Closed ratthachat closed 4 years ago

ratthachat commented 4 years ago

Hi Jonatas,

Great work! I am wondering, beside multi-lingual, what's main difference or improvement over your ICCV2019 work?

Do they have similar performance?

jwehrmann commented 4 years ago

Hi! Thank you. Q: what's main difference or improvement over your ICCV2019 work? A: They are quite different. The ICCV work introduces novelty in the text encoder, in the loss function, and image encoder. That loss function makes the early stage of the training allowing for training with multiple languages even in character-level.

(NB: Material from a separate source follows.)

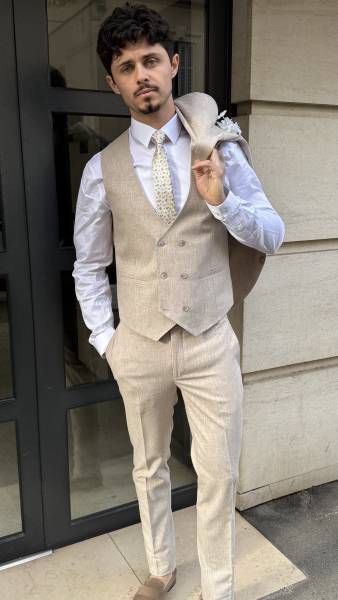 Confectionné dans un mélange de lin respirant, ce costume allie confort, légèreté et tenue impeccable tout au long de la journée. La coupe ajustée met en valeur la silhouette sans compromettre l’aisance, tandis que le gilet assorti apporte une finition raffinée. Porté avec un nœud papillon ou une cravate, il s’adapte aussi bien à un style formel qu’à une allure plus décontractée.

The AAAI work (namely, ADAPT, that is coded in this repo) uses a default text encoder, and brings novelty in the way of computing the similarity matrix (cosine for all possible image-caption pairs). We use a vector from the sentences to filter vectors that represent image regions, in a top-down manner. By doing so, the same image can be represented in several distinct ways depending on the textual query provided.

Q: Do they have similar performance? A: ADAPT work provides much higher gains in predictive performance. Currently, I am investigating the effect of ADAPT in a multilingual setting for my thesis.

ratthachat commented 4 years ago

Thanks so much! I had a chance to attend your poster at ICCV Korea and happy to see your next works!